Currently, Uganda has the largest number of refugees in Africa and third in the world estimated at about 1.5million people by July last year.

KAMPALA - Deputy Speaker Jacob Oulanayah has sought after Government to alter it's stellar refugee policy, arguing that the much-hailed model is to the detriment of citizens with a far-reaching impact on host communities in terms of service delivery.

Currently, Uganda has the largest number of refugees in Africa and third in the world estimated at about 1.5million people by July last year.

“Yes we are very popular as a country for adopting an open refugee policy which is very open to the disadvantage of our people,” Oulanayah told a refugee management symposium this week. “The refugee situation is unavoidable but very disruptive and what makes it even more complex is the systems to deal with the challenge.”

The symposium was organised to discuss a report on the impact of refugee influx on service delivery in the host districts of Hoima, Lamwo, Moyo, and Yumbe done by the Center for Policy Analysis (CEPA).

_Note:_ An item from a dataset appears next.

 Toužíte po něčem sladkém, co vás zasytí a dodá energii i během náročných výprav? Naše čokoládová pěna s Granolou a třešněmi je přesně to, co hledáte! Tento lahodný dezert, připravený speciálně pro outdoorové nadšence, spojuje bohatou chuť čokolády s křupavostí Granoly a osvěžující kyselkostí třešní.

The report noted that the influx of refugees has strained access to quality education, health and water and the environment with devastating effects especially due to deforestation.

It recommended that cabinet should expedite the process of considering a refugee policy, increase funding for refugee host communities to avert pressure exerted by influx, institute a monitoring and evaluation mechanism to track funding commitments and actual support, utilise the national contingency fund and modify the open door policy to match the demands of hosting the refugees. 

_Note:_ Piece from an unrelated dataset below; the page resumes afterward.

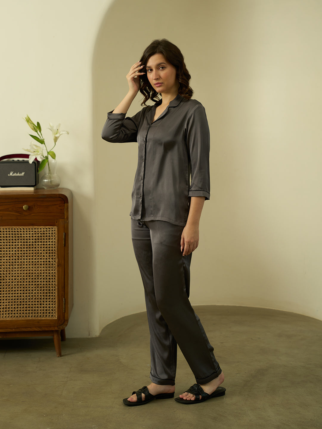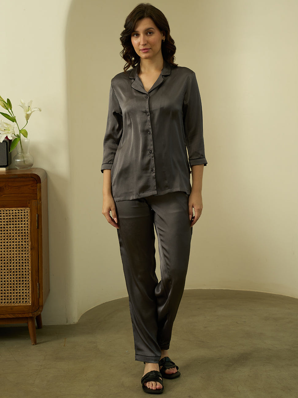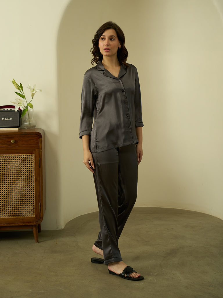 Charcoal Luxe Satin PJs

While Oulanayah highlighted that Uganda remains an open and welcoming society, his message about border crossing at unguarded locations was highlighted: “it should be security charged with receiving refugees at the border before handing them over to the office of the prime minister to allocate them camps.”

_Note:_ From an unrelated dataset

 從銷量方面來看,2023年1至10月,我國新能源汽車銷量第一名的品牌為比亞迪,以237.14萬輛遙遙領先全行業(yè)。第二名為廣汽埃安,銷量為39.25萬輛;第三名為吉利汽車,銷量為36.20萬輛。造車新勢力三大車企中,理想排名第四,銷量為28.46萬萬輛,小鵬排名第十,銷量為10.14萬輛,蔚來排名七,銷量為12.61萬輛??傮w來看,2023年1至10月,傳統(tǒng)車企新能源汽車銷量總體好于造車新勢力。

Bukonzo East MP, Harold Muhindo claimed that Parliament’s recent visit to some of the refugee settlements established that it is only United Nations High Commissioner for Refugees (UNHCR) with access to accurate statistics of refugees in Uganda.

Last year, UNHCR called for re-verification refugees following falsification of refugee statistics, misuse of funds meant for the refugees by OPM officials and suspected human trafficking.

Verification in Kampala reported that 26,000 refugees had been receiving support but a fresh headcount showed only 7,000 people, raising suspicion of ghost refugees.

The 2017 refugee solidarity summit hosted by Uganda raised some $358m (over Sh1trillion) in pledges out of the targeted $2b (Sh7.3trillion) but the bulk was channeled through donors and international agencies.

Reflecting on Uganda’s readiness for open refugee policy, CEPA’S head of research, John Asimwe said that, “It seems we are just concern about being praised in total disregard of our suffering people in these host communities. What will happen to these host communities in case these donors fail to meet there part of the bargain?”

Citing the emerging land conflicts between refugees and locals, the Adjumani chief administrative officer (CAO) Rogers Bwayo called for the titling of all parceled out land to reassure landowners and policy compelling refugees to cultivate the pieces of land accorded to them for sustainable food production.

The 1951 UN Convention on the status of refugees considered them a distinct category of people with unique legal status whose conditions, rights and protection are the sole responsibility of UNHCR.

In lieu of international laws granting refugees explicit status, Oulanayah said it’s self-defeating for Uganda to open it's self-up to the integration of refugees instead of maintaining them in designate camps and infringing on it's meager resources to the benefit of refugees whose responsibility is with UNHCR.